Tuesday, August 3, 2010

Chocolate Cream Brulee



I needed a project today, a craft, a goal... it somehow became chocolate creme brulee that satisfied my hankering for that.

It was too simple: with heavy cream and eggs in the fridge, as well as semi sweet chocolate hanging out in the pantry, it was practically made.

I've made normal creme brulee once before, many moons ago, so today was a bit of a trial run, but it turned out much better than my expectations. I thank the oven gods for that.

Again, this is not a recipe to be intimidated by and following the recipe exactly will ensure it's a wonderful turn out.
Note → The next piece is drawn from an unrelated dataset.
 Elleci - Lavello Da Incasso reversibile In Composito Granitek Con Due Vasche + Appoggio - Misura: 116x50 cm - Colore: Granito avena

And darn it, once you have one taste, you're hooked, so for those of you worried about calories, I'd just eschew making this all together. It's dang-dang-dangerous!! My recipe thankfully made 3 servings: one to sample, and then two for hubs and me for dessert later on.


Chocolate Creme Brulee
{adapted from Williams-Sonoma Entertaining}

1 cup heavy cream
1/2 tsp real vanilla extract
2 oz. semi sweet chocolate (I just used semi sweet chocolate chips)- chopped
2 egg yolks
5 Tbsp superfine sugar (if you don't have superfine, you may put regular granulated sugar in a food processor and "grind" it up until it's fine)
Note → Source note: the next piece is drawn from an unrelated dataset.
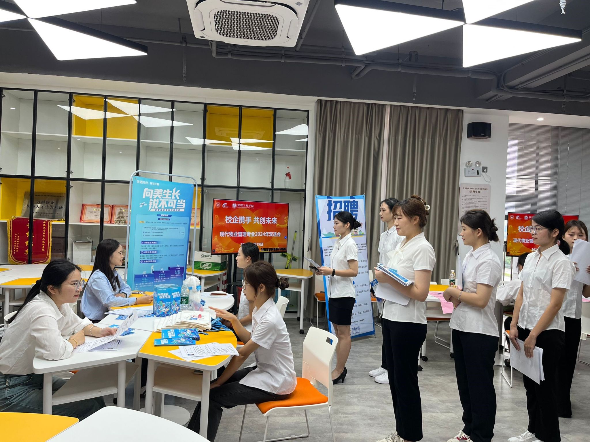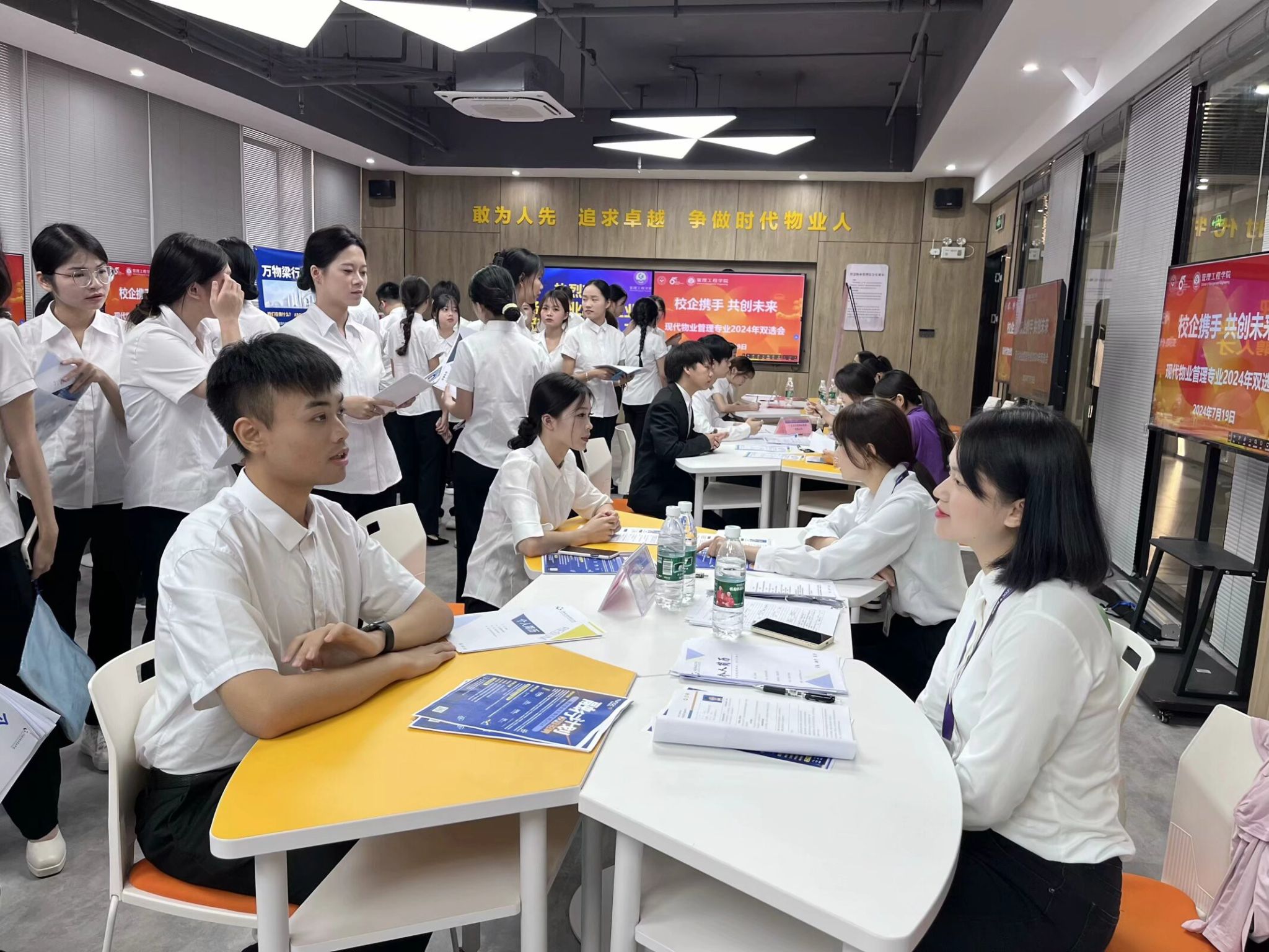 管理工程学院7月19日讯(图:黄娟 文:黄茜),2024年7月19日上午,我院2025届现代物业管理专业实习生招聘双选会在实训南楼五楼智慧物业管理实训中心举行。

Have two-three small-sized ramekins out on counter as well as a baking pan (I used a 9x13 aluminum one). Preheat oven to 325.

In a small saucepan over medium heat bring cream and vanilla extract to a simmer. Remove from heat and blend in chocolate, rapidly whisking until melted.
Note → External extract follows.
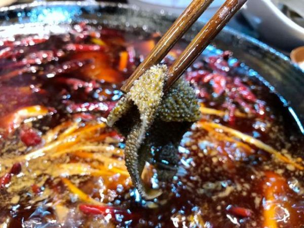 鴨腸和鵝腸都是重慶火鍋的優(yōu)質(zhì)食材。鴨腸韌性強(qiáng),入口脆爽有嚼勁,燙15秒即可。鵝腸寬度和厚度均勝于鴨腸,口感更爽脆。

In another bowl, combine egg yolks and 3 Tbsp of the superfine sugar. Cream together until thick and creamy- about two minutes.

Add the egg yolk mixture to the cream mixture gradually and slowly, whisking all the while, until it's all incorporated. Strain this through a fine mesh sieve into a small pitcher.

Pour chocolate mixture into prepared ramekins. Set these in the baking pan. Using boiling water (I used very hot tap water) gently pour into the baking pan (but do not let it splash in the ramekins) until water level is about halfway up ramekins. Cover the entire pan loosely with foil and carefully place in oven. Bake for about 20-25 minutes, until outer edges are baked but the middle still jiggles a bit (I'm up at high altitude and removed mine at exactly the 25 min. mark).

Remove from pan and allow to cool on wire racks for one hour, and then cover with saran wrap and place in fridge and chill for at least 3.

When ready to serve, sprinkle remaining sugar on tops and either kitchen-torch it to create a nice, golden, sugary top OR throw in under the broiler (which I did, which didn't work as well, but still got the job done without burning off any fingers!:)).